== Task objective ==
After locating the line with "This sneaker features", repeat it and every following line to the end of the listing, exactly. Omit the pictures.

Segment Open

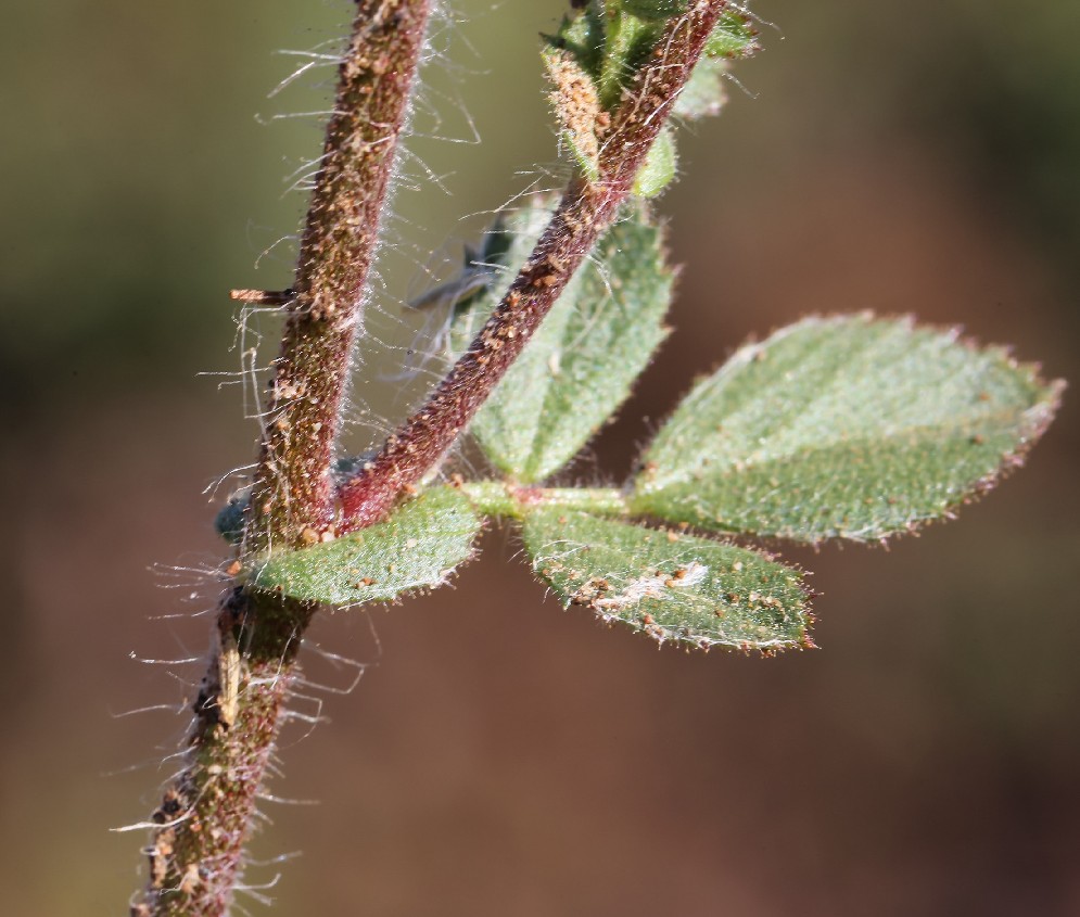2 Stängel mit drüsigen und langen nichtdrüsigen Haaren
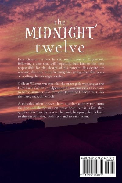 Ezra Grayson arrives in the small town of Edgewood, following a clue that will hopefully lead him to the men responsible for the deaths of his parents. His desire for revenge, the only thing keeping him going after five years of trailing the midnight twelve. Colleen Warren was not like the other girls working at the Lady Luck Saloon in Edgewood. It was not easy to explain to her customers that the soft, feminine Colleen was also the hard, masculine Cole. A miscalculation throws them together as they run from the law and the bounty on Ezra’s head, but it is fate that guides their journey across the land; bringing them closer to the answers they both seek and to each other.
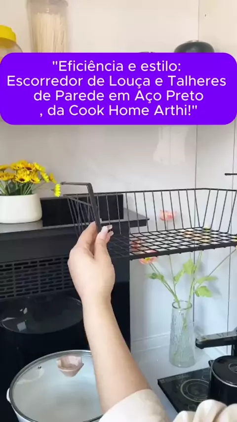 Escorredor Organizador Seca Louça Pratos Copos 32,5X31X22,5CM Talheres de Parede Dobrável Aço Preto Cook Home Arthi
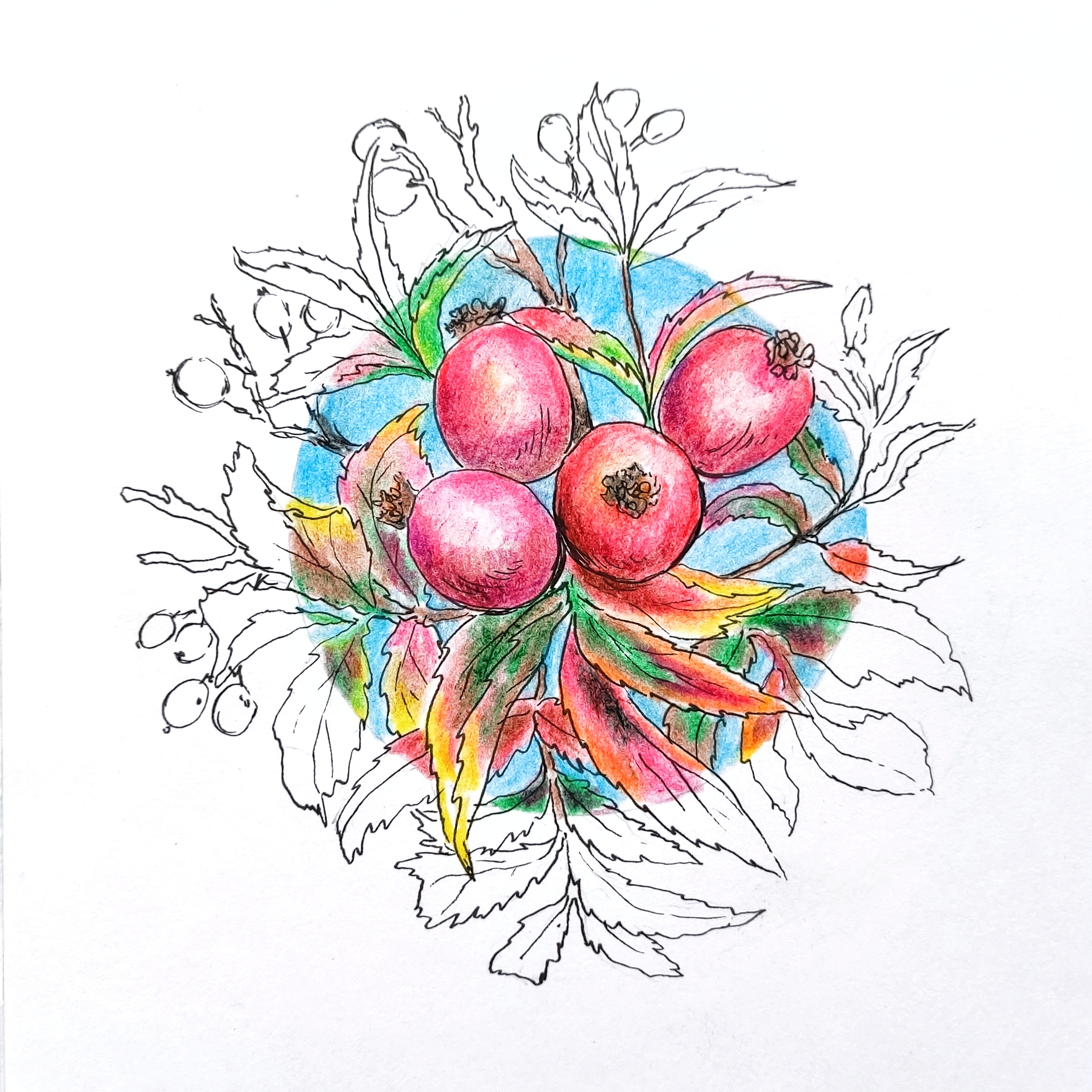 Техника "лайн +цветные карандаши"
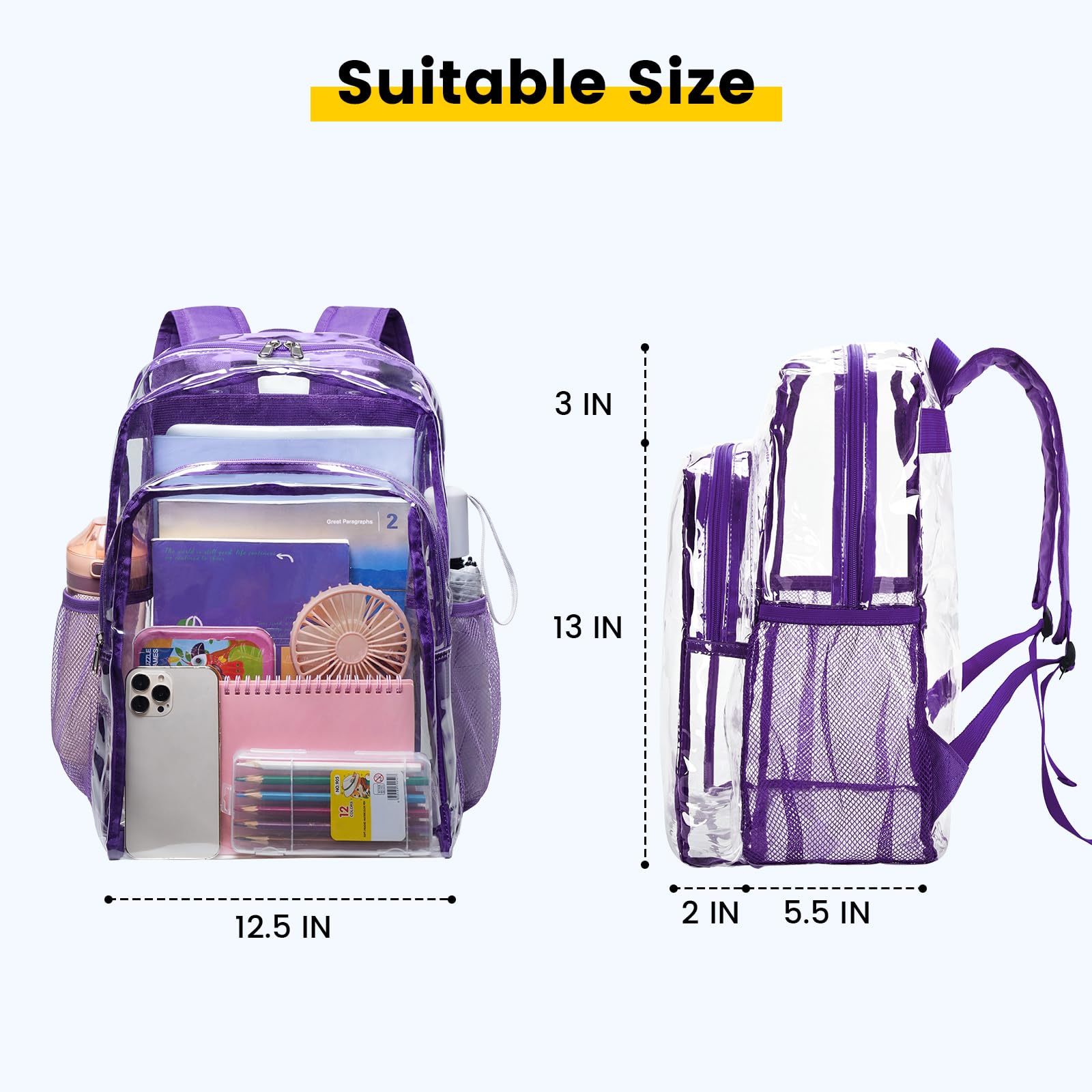 Large clear backpack: This 16" x 12" x 5.5" clear backpack for girls and boys features a large main compartment for books, clothes, and essentials, plus a front zippered pocket for quick-access items and two side mesh pockets. Stay organized whether you're at school, work, or traveling.
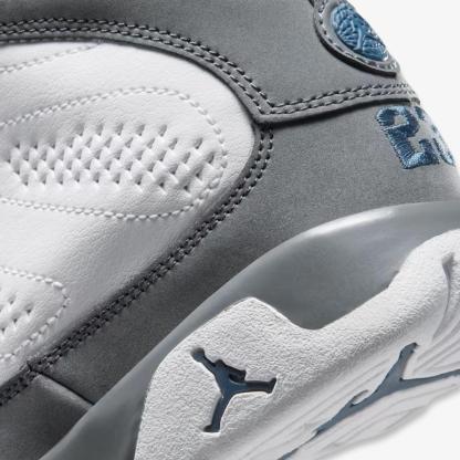 This sneaker features a sleek Flint Grey colorway, emphasizing a modern and stylish aesthetic. The classic Air Jordan 9 silhouette combines premium materials for comfort and support, making it suitable for both casual wear and athletic activities. This model reflects Nike's dedication to honoring basketball heritage while incorporating contemporary design elements.
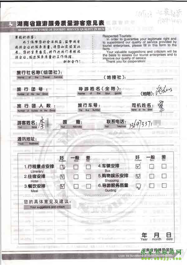 - 游客夏先生為表揚導(dǎo)游李姣姣寫來表揚信致我張家界... [14811]
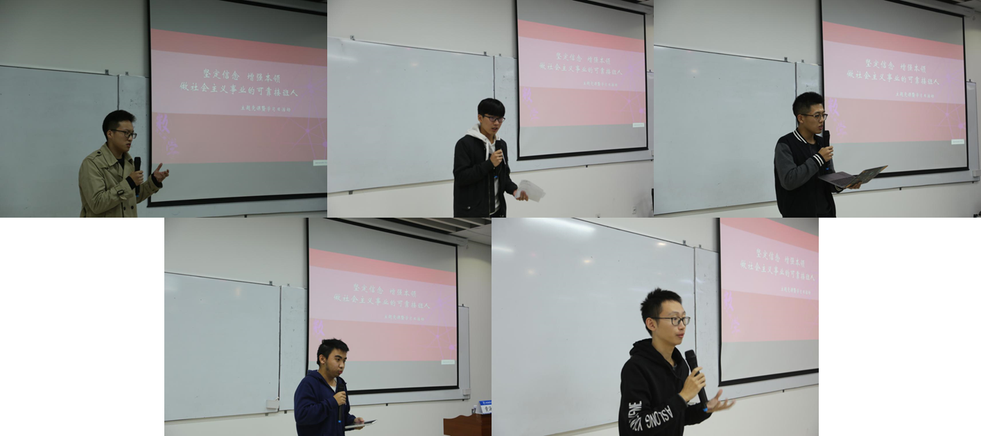 主题党课后,谭镇涛、张翔宇、郭志鹏、王文昊、张造诣5名学生代表依次上台发言,和同学们分享了自己的学习经验、科研经历、学业规划及成长历程。活动最后,黄海军副校长对同学们的发言进行认真点评并耐心回答了现场同学的提问。
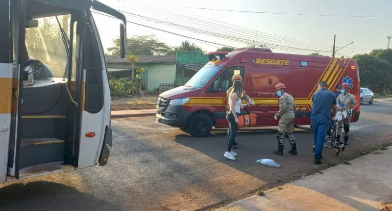 Ciclista de 85 anos fica em estado grave após atropelamento por ônibus escolar em Caarapó

Segment Closed

== Task response ==
 This sneaker features a sleek Flint Grey colorway, emphasizing a modern and stylish aesthetic. The classic Air Jordan 9 silhouette combines premium materials for comfort and support, making it suitable for both casual wear and athletic activities. This model reflects Nike's dedication to honoring basketball heritage while incorporating contemporary design elements.
 - 游客夏先生為表揚導(dǎo)游李姣姣寫來表揚信致我張家界... [14811]
 主题党课后,谭镇涛、张翔宇、郭志鹏、王文昊、张造诣5名学生代表依次上台发言,和同学们分享了自己的学习经验、科研经历、学业规划及成长历程。活动最后,黄海军副校长对同学们的发言进行认真点评并耐心回答了现场同学的提问。
 Ciclista de 85 anos fica em estado grave após atropelamento por ônibus escolar em Caarapó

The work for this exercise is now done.